For the time being therefore, there is no indication that a different policy from that of the ANC is being proposed to the black proletariat and has any support in its ranks. At this point, and despite the already lengthy negotiations and the agenda which is already set, it is very likely that the transition phase to the new regime, has far to go still. And the explosion of anger which set alight the townships for a few days in April, together with the frustration against the ANC which was visible on that occasion, show that the ANC leadership may experience some future difficulties in the implementation of its plans. In any case it certainly shows that there is still a significant explosive power in the townships, certainly strong enough to upset whatever plans are made by the politicians.

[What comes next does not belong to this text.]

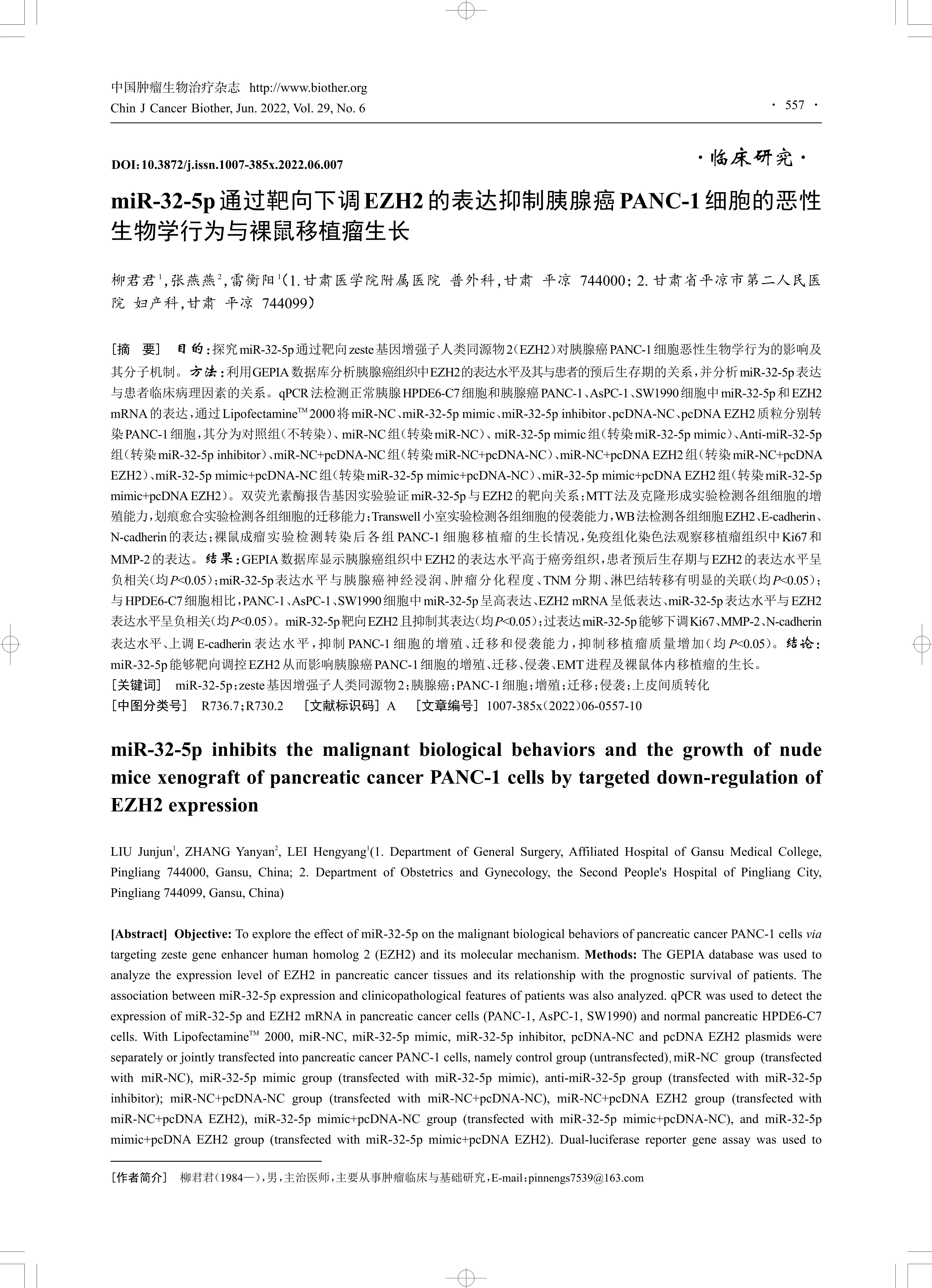 目的:探究miR-32-5p通过靶向zeste基因增强子人类同源物2(EZH2)对胰腺癌PANC-1细胞恶性生物学行为的影响及其分子机制。方法:利用GEPIA数据库分析胰腺癌组织中EZH2的表达水平及其与患者的预后生存期的关系,并分析miR-32-5p表达与患者临床病理因素的关系。qPCR法检测正常胰腺HPDE6-C7细胞和胰腺癌PANC-1、AsPC-1、SW1990细胞中miR-32-5p和EZH2 mRNA的表达,通过LipofectamineTM 2000将miR-NC、miR-32-5p mimic、miR-32-5p inhibitor、pcDNA-NC、pcDNA EZH2质粒分别转染PANC-1细胞,其分为对照组(不转染)、miR-NC组(转染miR-NC)、miR-32-5p mimic组(转染miR-32-5p mimic)、Anti-miR-32-5p 组(转染miR-32-5p inhibitor)、miR-NC+pcDNA-NC组(转染miR-NC+pcDNA-NC)、miR-NC+pcDNA EZH2组(转染miR-NC+pcDNA EZH2)、miR-32-5p mimic+pcDNA-NC组(转染miR-32-5p mimic+pcDNA-NC)、miR-32-5p mimic+pcDNA EZH2组(转染miR-32-5p mimic+pcDNA EZH2)。双荧光素酶报告基因实验验证miR-32-5p与EZH2的靶向关系;MTT法及克隆形成实验检测各组细胞的增殖能力,划痕愈合实验检测各组细胞的迁移能力;Transwell小室实验检测各组细胞的侵袭能力,WB法检测各组细胞EZH2、E-cadherin、N-cadherin的表达;裸鼠成瘤实验检测转染后各组 PANC-1 细胞移植瘤的生长情况,免疫组化染色法观察移植瘤组织中Ki67和MMP-2的表达。结果:GEPIA数据库显示胰腺癌组织中EZH2的表达水平高于癌旁组织,患者预后生存期与EZH2的表达水平呈负相关(均P<0.05);miR-32-5p表达水平与胰腺癌神经浸润、肿瘤分化程度、TNM 分期、淋巴结转移有明显的关联(均P<0.05);与HPDE6-C7细胞相比,PANC-1、AsPC-1、SW1990细胞中miR-32-5p呈高表达、EZH2 mRNA呈低表达、miR-32-5p表达水平与EZH2 表达水平呈负相关(均P<0.05)。miR-32-5p靶向EZH2且抑制其表达(均P<0.05);过表达miR-32-5p能够下调Ki67、MMP-2、N-cadherin 表达水平、上调 E-cadherin 表达水平,抑制 PANC-1 细胞的增殖、迁移和侵袭能力,抑制移植瘤质量增加(均 P<0.05)。结论:miR-32-5p能够靶向调控EZH2从而影响胰腺癌PANC-1细胞的增殖、迁移、侵袭、EMT进程及裸鼠体内移植瘤的生长。

This explosive power could be used by the black proletariat to shape its future differently. It could again become a decisive weapon in their hands, just as it was against the apartheid regime. But this will only happen if the black proletariat uses this weapon to challenge the social set-up of society, if it undertakes consciously to fight against the exploiters, white and black, who plan to maintain that other kind of apartheid which is created by capitalist exploitation. If the black proletariat is to make any lasting gains from its fight against apartheid, it will have to take up the fight once more, but this time for a social revolution.